*** Begin section ***
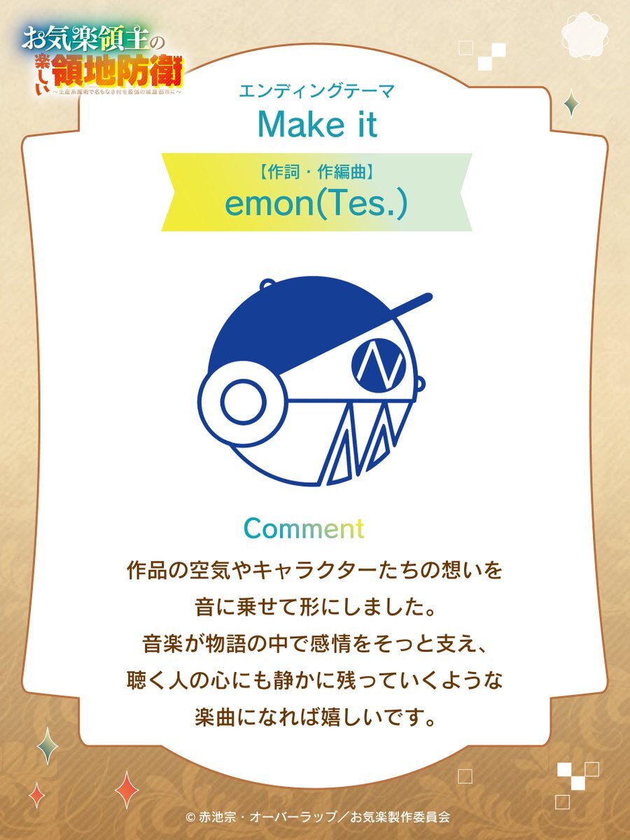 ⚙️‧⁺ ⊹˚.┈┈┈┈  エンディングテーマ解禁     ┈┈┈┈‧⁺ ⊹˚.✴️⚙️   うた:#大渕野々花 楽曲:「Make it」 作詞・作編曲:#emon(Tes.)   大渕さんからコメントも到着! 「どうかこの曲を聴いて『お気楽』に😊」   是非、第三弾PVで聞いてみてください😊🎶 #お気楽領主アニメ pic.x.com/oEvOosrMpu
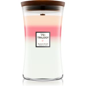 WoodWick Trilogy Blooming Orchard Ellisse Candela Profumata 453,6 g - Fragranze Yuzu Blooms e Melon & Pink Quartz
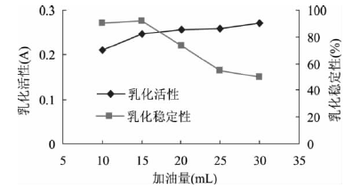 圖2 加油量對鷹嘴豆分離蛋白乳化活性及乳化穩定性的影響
*** End section ***
*** Begin section ***
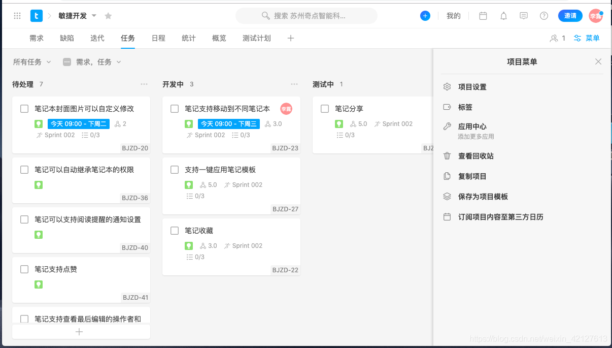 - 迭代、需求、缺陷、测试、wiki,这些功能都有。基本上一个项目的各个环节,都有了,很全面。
*** End section ***
EXERCISE DESCRIPTION>
When you reach the line containing "是非、第三弾PVで聞いてみてください😊🎶 #お気楽領主アニメ pic.x.com/oEvOosrMpu" in the entries above, begin restating word for word, and stop once the line containing "圖2 加油量對鷹嘴豆分離蛋白乳化活性及乳化穩定性的影響" has been given. Omit the pictures.

COMPLETED EXERCISE>
 ⚙️‧⁺ ⊹˚.┈┈┈┈  エンディングテーマ解禁     ┈┈┈┈‧⁺ ⊹˚.✴️⚙️   うた:#大渕野々花 楽曲:「Make it」 作詞・作編曲:#emon(Tes.)   大渕さんからコメントも到着! 「どうかこの曲を聴いて『お気楽』に😊」   是非、第三弾PVで聞いてみてください😊🎶 #お気楽領主アニメ pic.x.com/oEvOosrMpu
 WoodWick Trilogy Blooming Orchard Ellisse Candela Profumata 453,6 g - Fragranze Yuzu Blooms e Melon & Pink Quartz
 圖2 加油量對鷹嘴豆分離蛋白乳化活性及乳化穩定性的影響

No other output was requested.